Take for example the debate on raising education standards. John Swinney seems oblivious to what is staring him in the face – we need more financial resources going into support our children through teaching and learning.

He can mess around with structures till Doomsday, he can pour out the rhetoric about empowering head teachers and parents, but the fact remains we need more money going into the classrooms to support teaching and learning.

I know that Mr Swinney visits schools and while I do not know what teachers tell him, I too have visited many schools and asked teachers what would be their priorities and consistently they say to me we need more classroom assistants, and we need more support in the classroom with teaching and learning. The SNP has cut the number of classroom assistants.

And I say we need government that listens a bit more and we can start that process by listening to what teachers have to say.

We welcome the £120m announced in the budget for local schools. We welcome it because it is a Labour policy. But the SNP has stolen our policy without the means to pay for it. We would pay for this by reintroducing a 50p top rate of income tax for the richest 1 per cent in our society.

Overall, under the SNP budget, our schools are still going to suffer cuts.

We must get more financial resources into the system that will target supporting teaching and learning.

This is why we again today make clear, if we are to have the investment we need in our schools and in the countries future we must raise more to invest.

So we are saying to Derek Mackay that he should amend his draft budget and put 1p on the basic rate of taxation to raise nearly an additional £500m and invest this directly into local public services.

His answer on this to date has been that he won’t increase tax for lower paid workers and is why we have included a chart in our document that shows what our proposal would mean for people on different salaries.

If you earn below £21,000 you don’t pay more, if you are on the median salary of almost £28,000 you are being asked to pay just over £1 more a week – an extra £65 a year.

A police sergeant on £41,000 is asked to pay an extra £203 a year, an MSP on £61,000 would pay £526 extra a year, and the First Minister on £151,000 would be asked to pay an extra £1,786.

It would be the collective power of all those individuals paying a little bit more according to their means that would pay for the much needed investment in education, in home care and in the future of our country.

And can I be clear, if there is a crisis in our NHS what is the alternative, do nothing?

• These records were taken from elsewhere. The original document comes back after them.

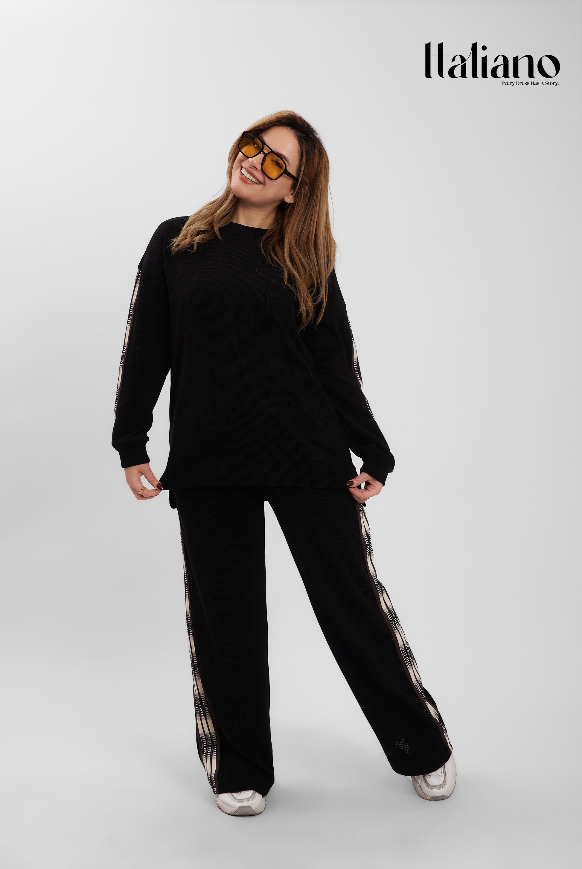 • The Pants: Matching wide-leg trousers that offer a flowy, flattering fit for all body types. The signature stripes continue down the legs for a cohesive, elongated look.
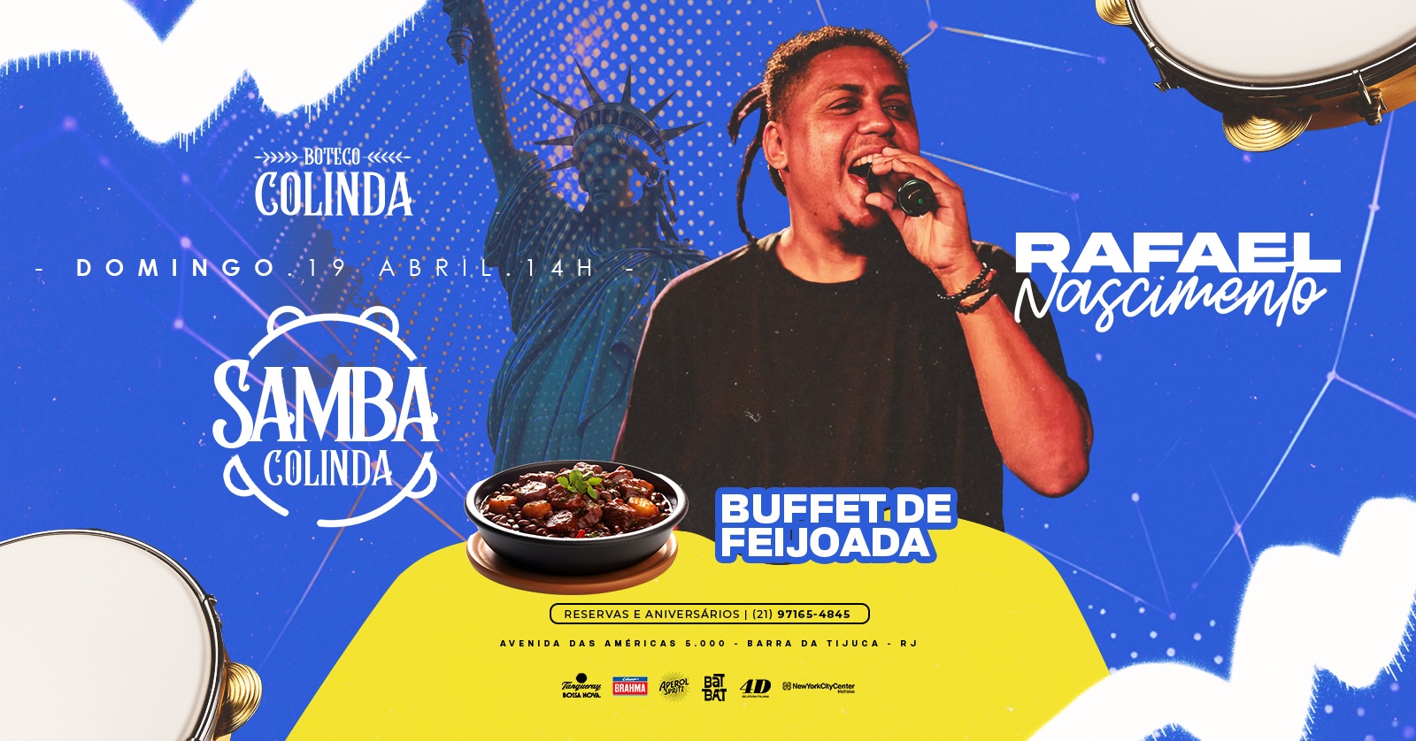 No domingo, 19 de abril, a partir das 14h, o boteco mais animado da Barra da Tijuca será palco do Samba Colinda, com o som contagiante de Rafael Nascimento.
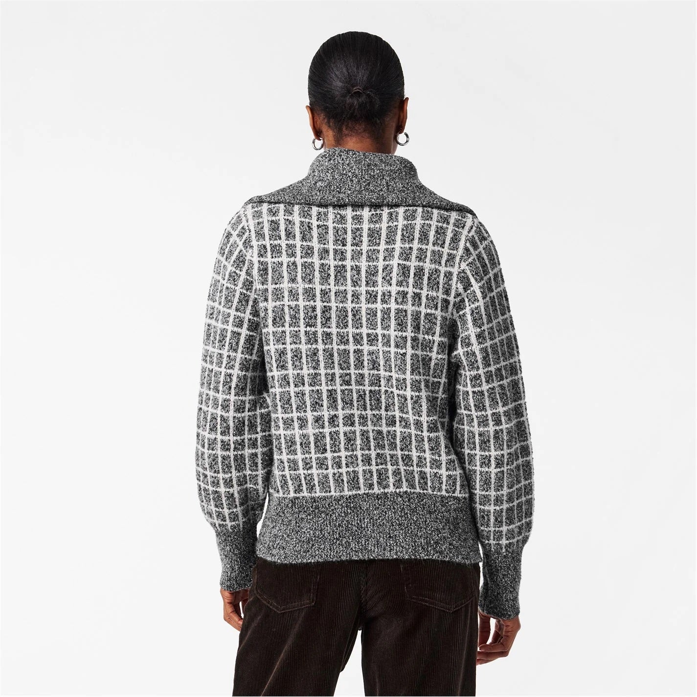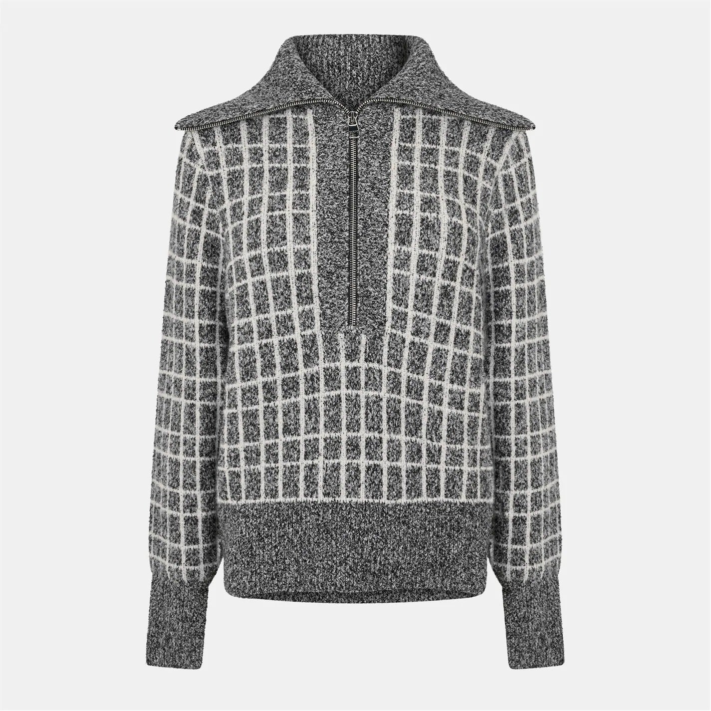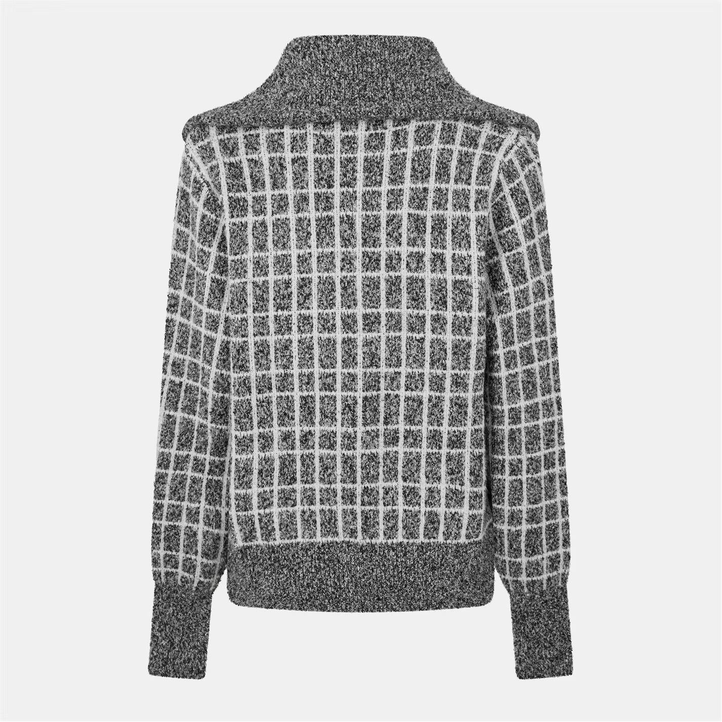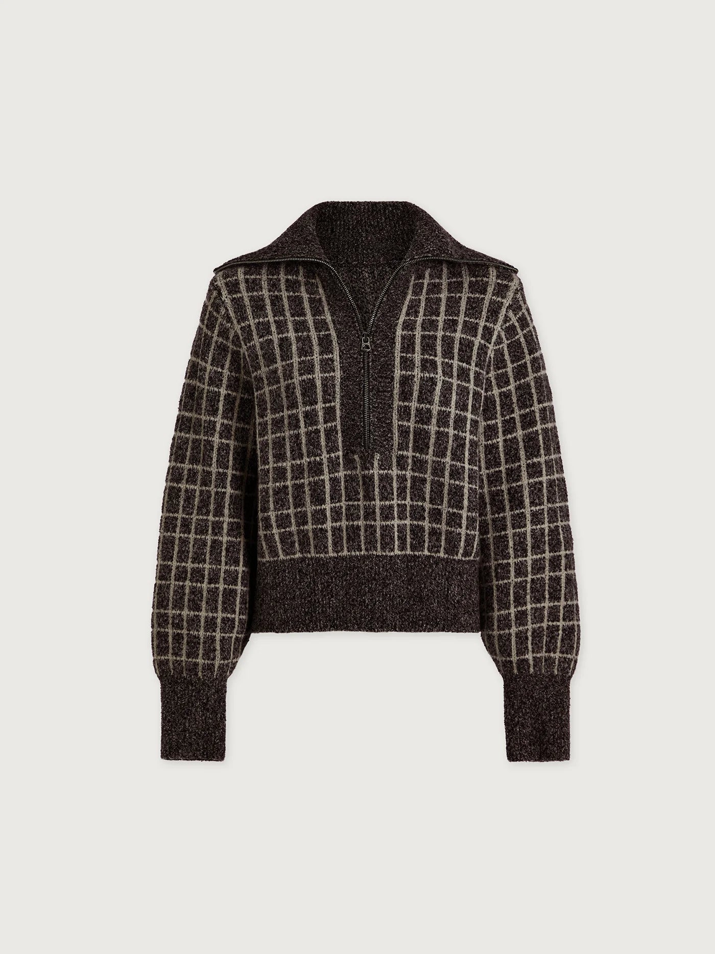 Set a statement with the Furley. A classic half-zip sweat with a turn-back collar, the Furley is an easy throw-on knit, made for elegant layering. Crafted from a Plush Bouclé Jacquard in a checkered pattern, it offers a soft texture, perfect to wrap up in.

You know, they say the measure of a society is how it invests in its young and cares for its old.

We have record levels of older people who are well enough to go home from hospital but who cannot get a care packages they need to get home.

Labour supports community care but we are clear community care was never about care on the cheap and the failure to invest in community care is to fail the generations who created the National Health Service, who worked all their lives and paid into the welfare state and who should have dignity in old age and retirement.

None of us know what the future holds and what support we or our families may need in the years to come.

We, this generation, have the chance to shape the provision and future of care services. We have the chance to give young people a better future.

Lack of educational achievement.

Lack of care services.

Lack of investment for the future.

Is that really the price we are all willing to pay to avoid a small increase in income tax?

I say to you today let us have that discussion, let us have that debate and let us talk about the kind of society we want, the kind of public services we want, and the kind of Scotland we all want to live in.